Saved data entries
▬▬▬▬▬▬
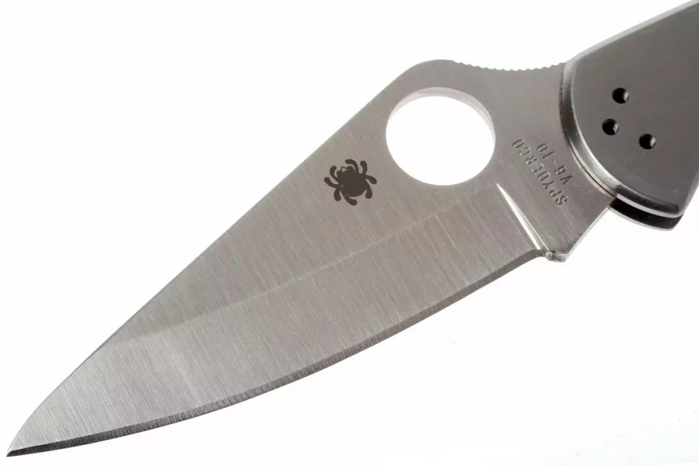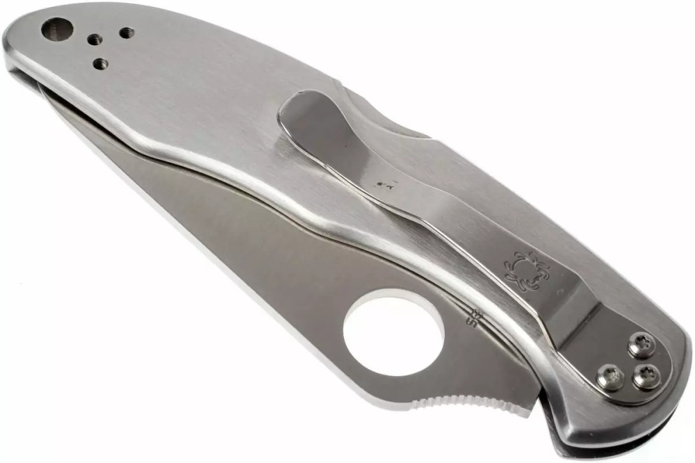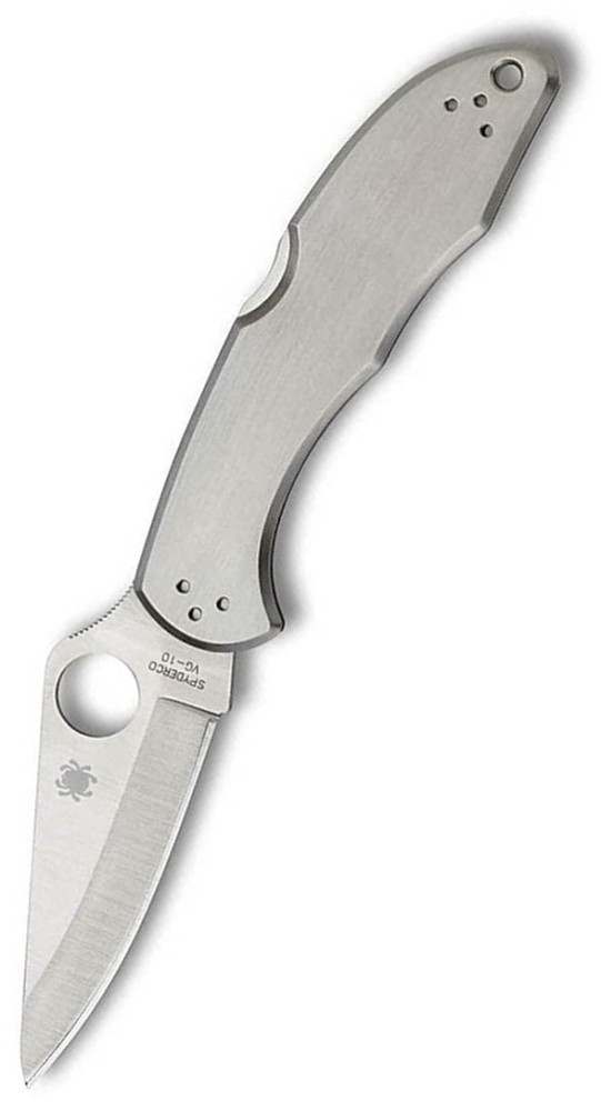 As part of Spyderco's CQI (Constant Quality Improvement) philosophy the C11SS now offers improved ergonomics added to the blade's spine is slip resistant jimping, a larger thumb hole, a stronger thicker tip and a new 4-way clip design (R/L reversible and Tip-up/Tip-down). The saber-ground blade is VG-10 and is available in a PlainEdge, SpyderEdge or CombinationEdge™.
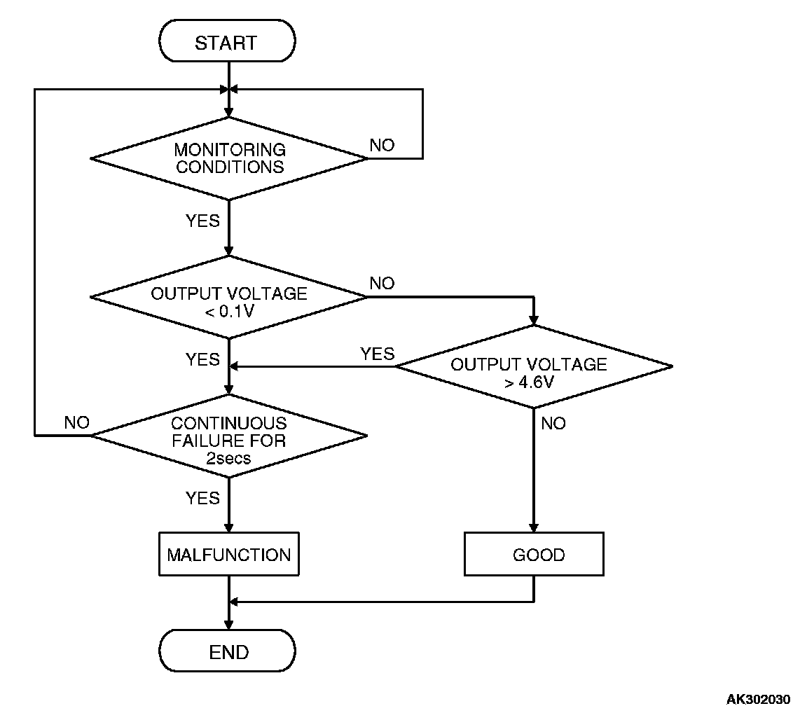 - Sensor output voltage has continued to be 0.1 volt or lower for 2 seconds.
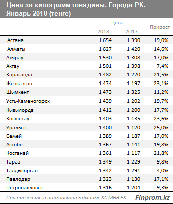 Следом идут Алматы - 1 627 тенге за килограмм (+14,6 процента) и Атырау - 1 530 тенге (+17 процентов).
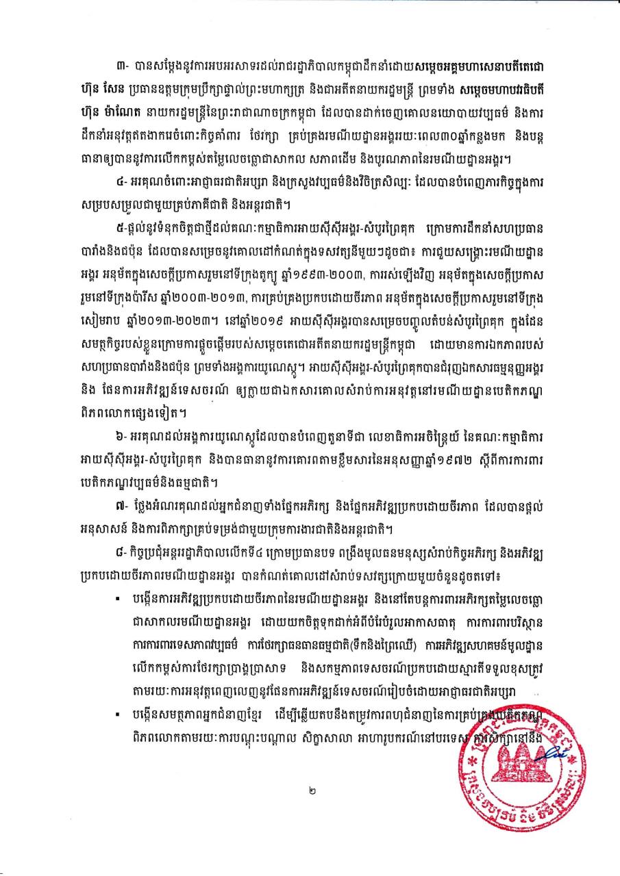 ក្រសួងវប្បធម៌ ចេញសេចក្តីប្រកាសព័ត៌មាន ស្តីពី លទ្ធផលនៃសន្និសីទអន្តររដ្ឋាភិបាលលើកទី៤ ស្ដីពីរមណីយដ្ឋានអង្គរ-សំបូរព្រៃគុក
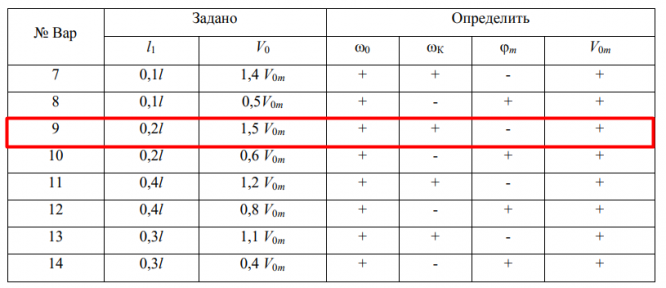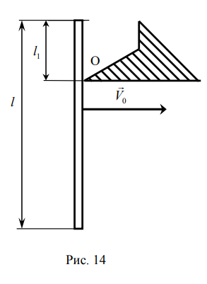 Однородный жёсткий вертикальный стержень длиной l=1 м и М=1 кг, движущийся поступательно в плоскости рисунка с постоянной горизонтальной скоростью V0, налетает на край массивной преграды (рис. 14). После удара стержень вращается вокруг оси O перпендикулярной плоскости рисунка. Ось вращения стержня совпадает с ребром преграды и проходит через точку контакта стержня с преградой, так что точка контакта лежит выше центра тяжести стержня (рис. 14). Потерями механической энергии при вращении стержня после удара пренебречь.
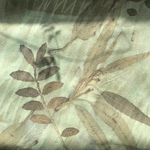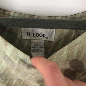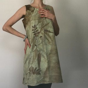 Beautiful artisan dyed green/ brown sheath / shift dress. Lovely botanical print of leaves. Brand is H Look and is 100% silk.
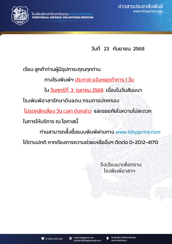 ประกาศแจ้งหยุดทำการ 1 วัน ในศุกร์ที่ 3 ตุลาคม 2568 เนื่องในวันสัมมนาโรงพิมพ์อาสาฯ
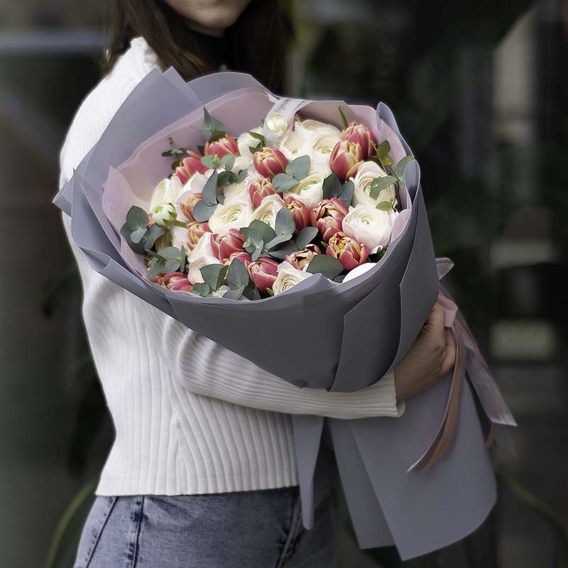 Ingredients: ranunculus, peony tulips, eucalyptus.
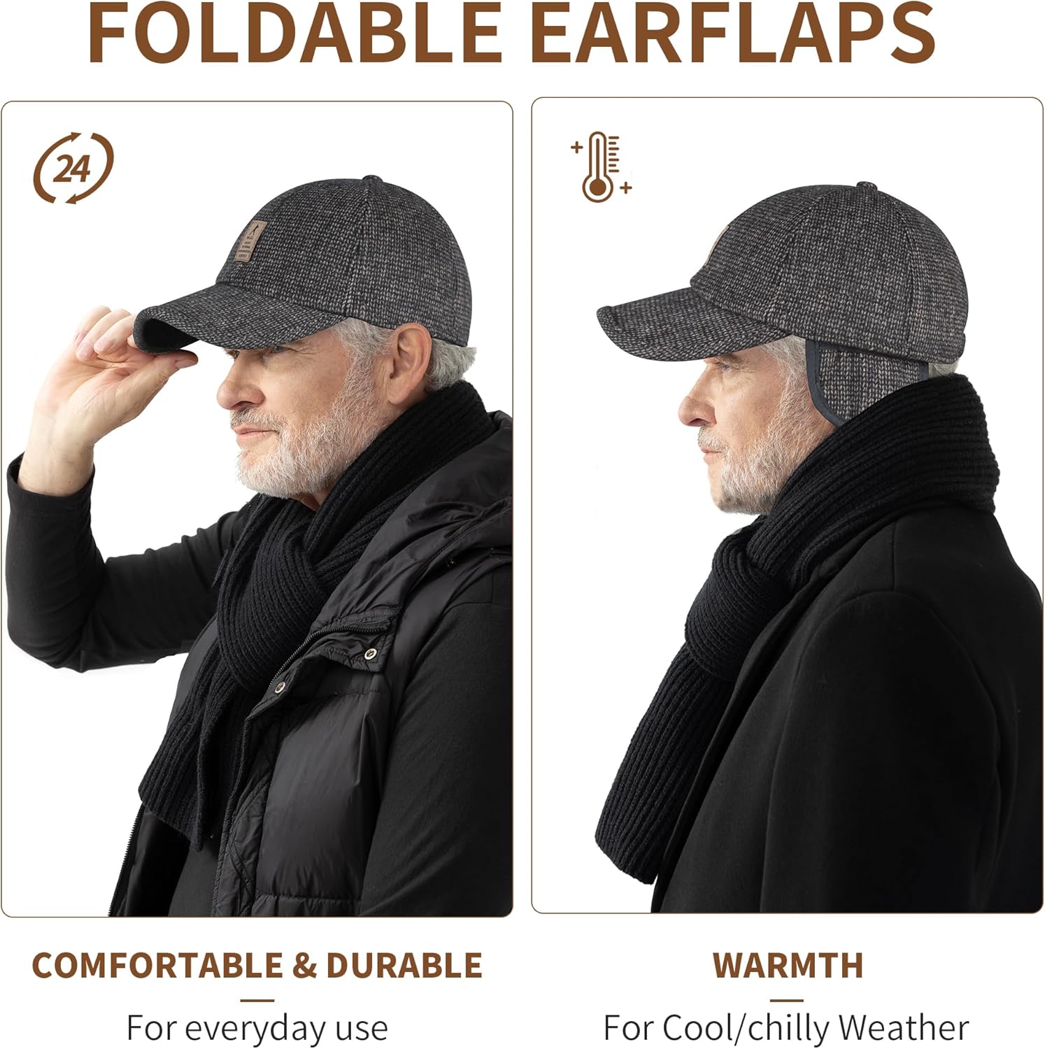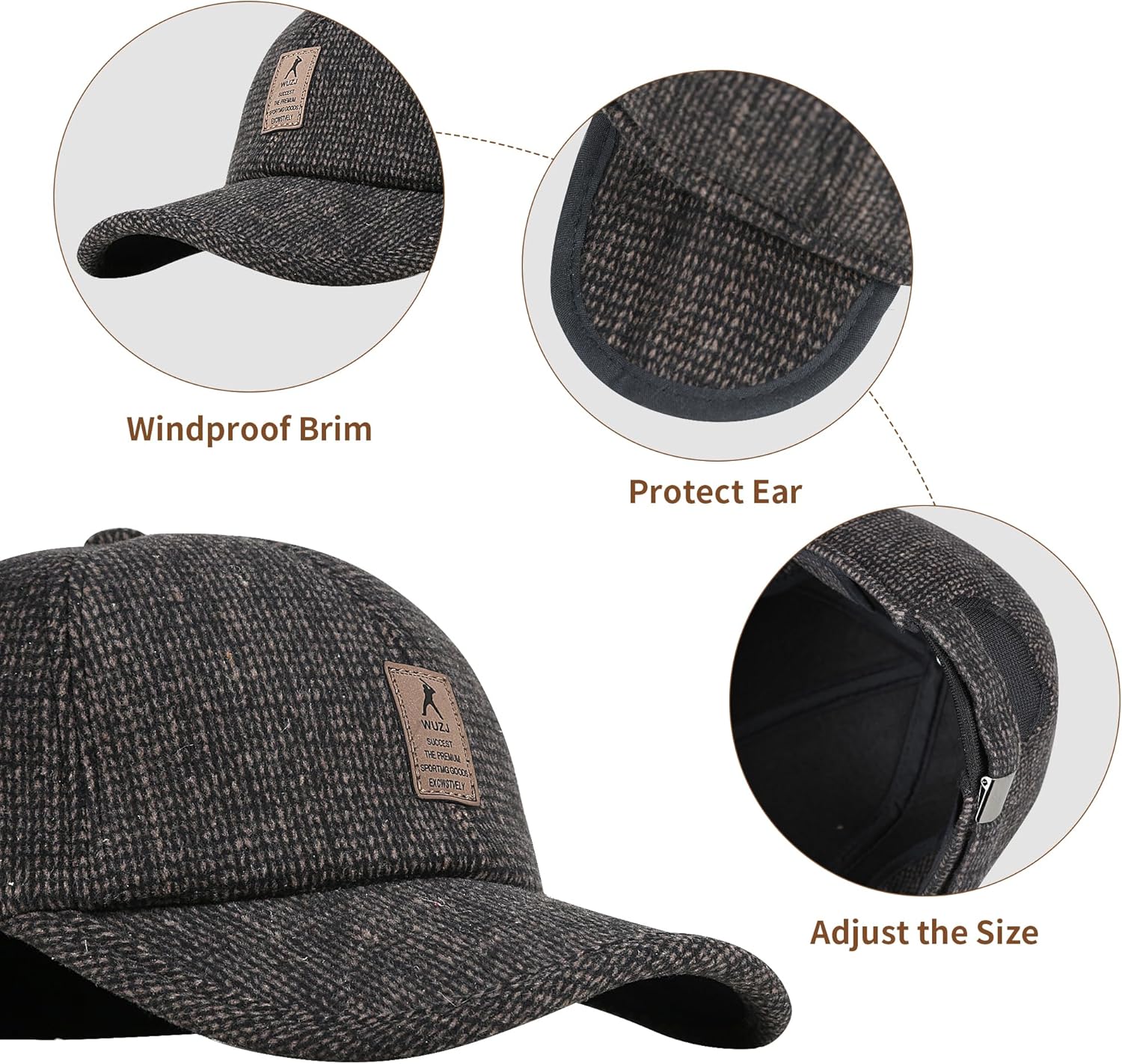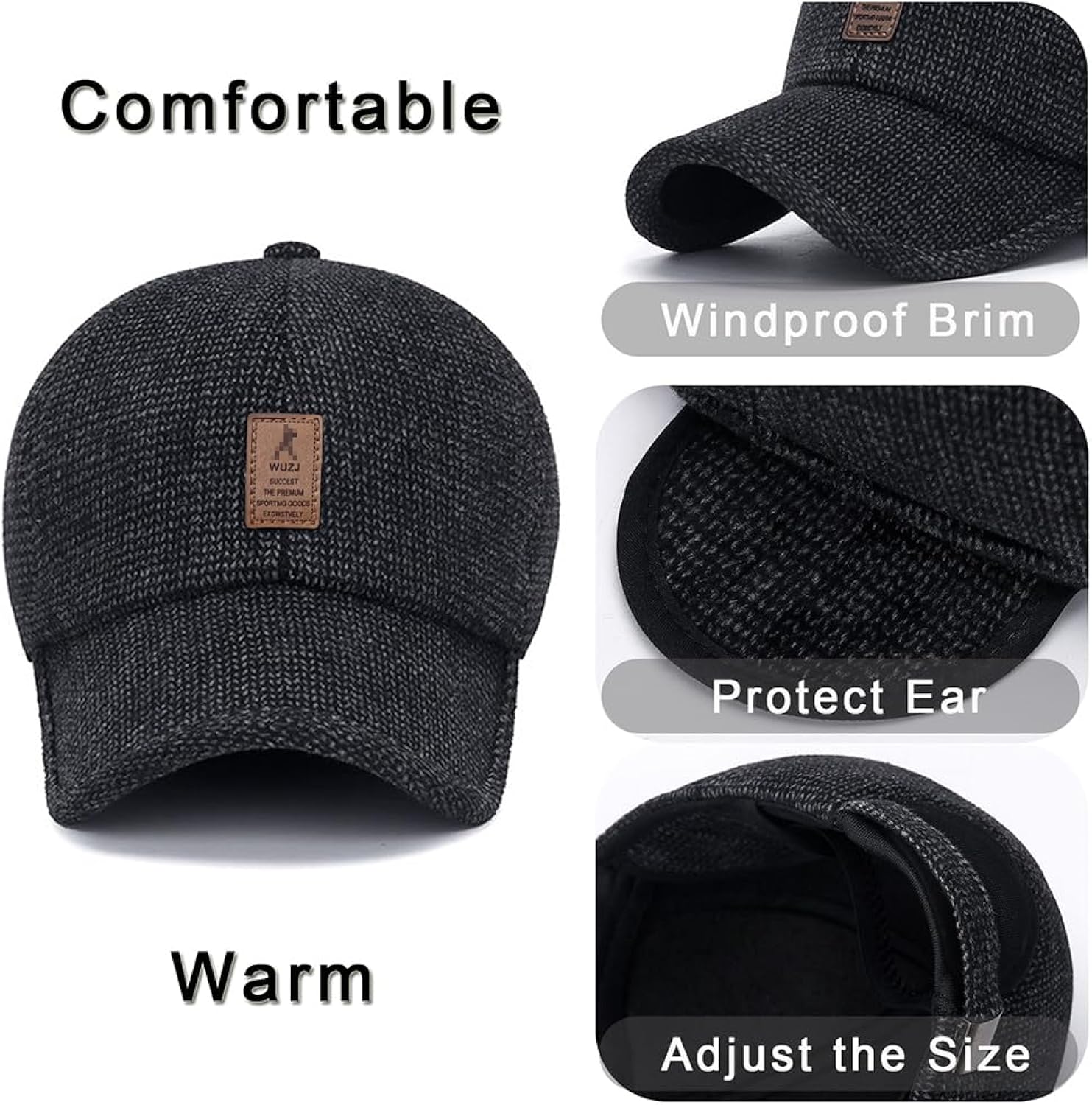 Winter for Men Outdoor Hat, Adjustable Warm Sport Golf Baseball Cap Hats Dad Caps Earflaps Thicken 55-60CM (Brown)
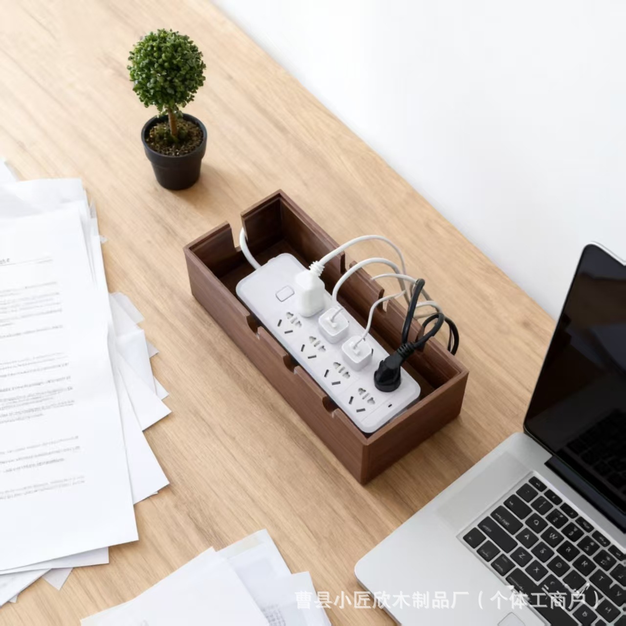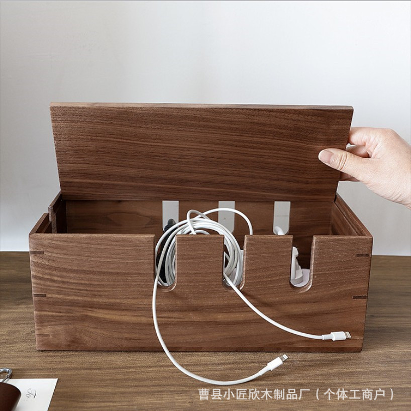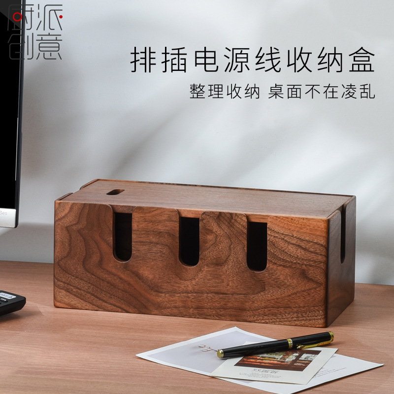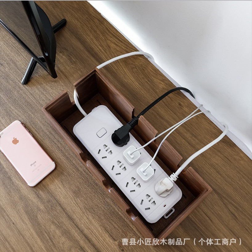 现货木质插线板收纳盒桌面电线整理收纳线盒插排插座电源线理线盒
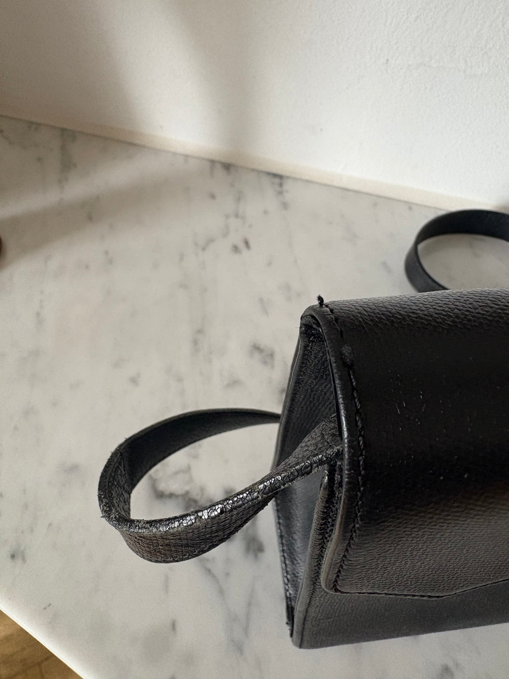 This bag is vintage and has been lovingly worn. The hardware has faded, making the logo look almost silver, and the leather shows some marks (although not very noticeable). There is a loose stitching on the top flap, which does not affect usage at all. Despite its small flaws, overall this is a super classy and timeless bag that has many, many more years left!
▬▬▬▬▬▬
WORK TASK:
Print an exact copy of the lines above, from the one containing "ประกาศแจ้งหยุดทำการ 1 วัน" through the one containing "现货木质插线板收纳盒桌面电线整理收纳线盒插排插座电源线理线盒", and leave out the pictures.

REPLY:
 ประกาศแจ้งหยุดทำการ 1 วัน ในศุกร์ที่ 3 ตุลาคม 2568 เนื่องในวันสัมมนาโรงพิมพ์อาสาฯ
 Ingredients: ranunculus, peony tulips, eucalyptus.
 Winter for Men Outdoor Hat, Adjustable Warm Sport Golf Baseball Cap Hats Dad Caps Earflaps Thicken 55-60CM (Brown)
 现货木质插线板收纳盒桌面电线整理收纳线盒插排插座电源线理线盒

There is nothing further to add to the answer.